性子火爆的胡自明倏然瞪去。很想爆发,最终还是被郝明井不动声色硬拦下来,朝卢占吉笑道:“卢公子的确见多识广,我等匹夫胡乱说说。倒叫卢公子看笑话了。”
他颇有唾面自干的样子,让卢公子很是满意,一抖折扇徐徐煽动,“纵是武者,多读点书增长见识总是没错的。”
这话连郝明井都忍不住蹙了蹙眉。断然没想到卢占吉竟然自大到这种地步,谦虚一句他就打蛇随棍上,直接以长者的架势教导起三人来了。
他拱拱手,却是真真不知该怎么往下说了。
“一年前才刚开窍,可见他读书的天赋也不见得好到哪里去,口气却比天骄还大。”赵寂暗中传音,嗤笑道:“听说前几天他还想指点王宇乾修行,万幸被老仆人苦苦劝住,否则可要把人笑死了。”
听到这事,郝明井和胡自明也忍不住摇头失笑。郝明井笑意古怪,“毕竟是灵原读书回来的。”
“卢家也算西南有数的名门了,这么没有自知之明的草包,他们怎么还敢放出来?”胡自明不知该说什么好,也觉得自己没必要和这种人多见识,实在丢脸。
不只是他们,旁边少年少女们都在暗中撇撇嘴,身在不远处的刘恒听到也是暗中失笑,却没人多嘴戳破。
实则卢占吉这番话,就是把先生教的给重新复述了一遍。这些事天下没几个人不知道的,他却拿出来好一番炫耀。虽然没人戳破,私下不知多少人觉得他可笑,他自己还犹自不觉。感觉很是良好,实在让人无语。
不得不说,灵原的确人杰地灵,圣人辈出,号称天下中心,从那里回来的人难免染上自高自大的毛病。往往小觑天下豪杰。
可这里是哪儿?
这是百武五大圣地之一,武道最昌盛的地方,自古以来从未衰败或灭亡过,在这种地方大放厥词不是不行,这卢占吉却没有这种资格。

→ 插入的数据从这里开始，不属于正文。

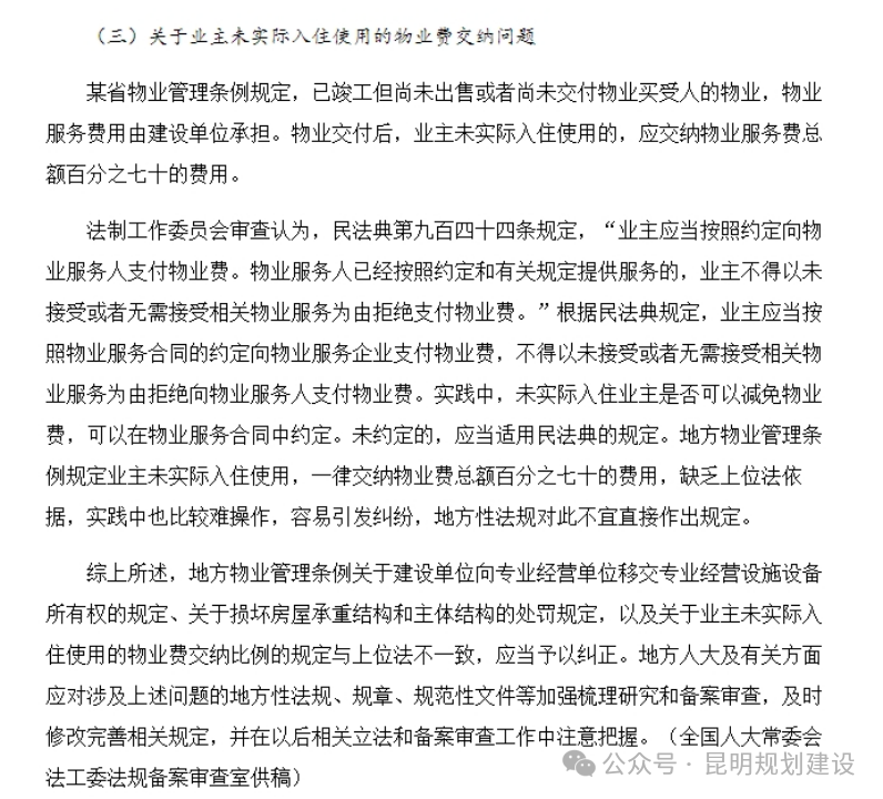 据了解,2023年8月中国人大网发布了《对地方物业管理条例有关移交专业经营设施设备所有权等规定的审查研究案例》。

不说别人,只说和他同舟的少年们,从小开始练武,七八岁就凝气成武夫的不在少数。同样的十三四岁年纪,别人少说是武夫中期,强者已经在朝武夫八九重进发,而他呢,不过一年前才勉强凝气成士子,修为远远落在后面,哪里还有脸来指点别人?
可惜碍于他出身卢家,人人都要卖卢家几分面子,所以没人站出来点醒他,都是暗中笑看他的表演。

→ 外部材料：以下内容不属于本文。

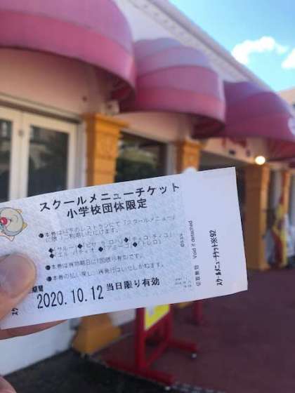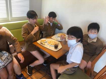 遊びの合間に班ことに昼ごはんです。チケットが使える店を班で選んで、好みのメニューをそれぞれが注文します。

“少爷,咱们回吧?”随他而来的书童倒像是比他懂事,早已涨红了脸,也不想他继续在这里出丑了,“快到圣地了,总得去收拾行李……”
“急什么?”
卢占吉还是没听懂书童言下之意,反而不耐烦地道:“圣地不算小,这才刚到边上,等到了地头还得大半天,整日要我窝在房间,你是想闷死我吗?”
瞪眼呵斥一句,他就不再给书童多嘴的机会,歪过脸去朝旁边一位少女笑得灿烂,“青舒,同行就是缘分,等到了圣地,你我相伴去游历圣地奇景,可好?”
“卢家哥哥,青舒是我的闺名,只有家里亲人才能叫的,莫非卢家哥哥在灵原书院还没有学到德礼吗?”
少女一句反问弄得卢占吉笑容猛地僵住,见少女满是好奇和纯真,却不会往对方故意暗讽上去想。所以他极力掩藏羞恼和尴尬,又挤出笑来,“我们明德书院最重德与礼,论起德与礼两道,在天下都是出名的,我自然学过。只是你我两家亲近,我只以为当称一声青舒,没想到却是逾礼了。”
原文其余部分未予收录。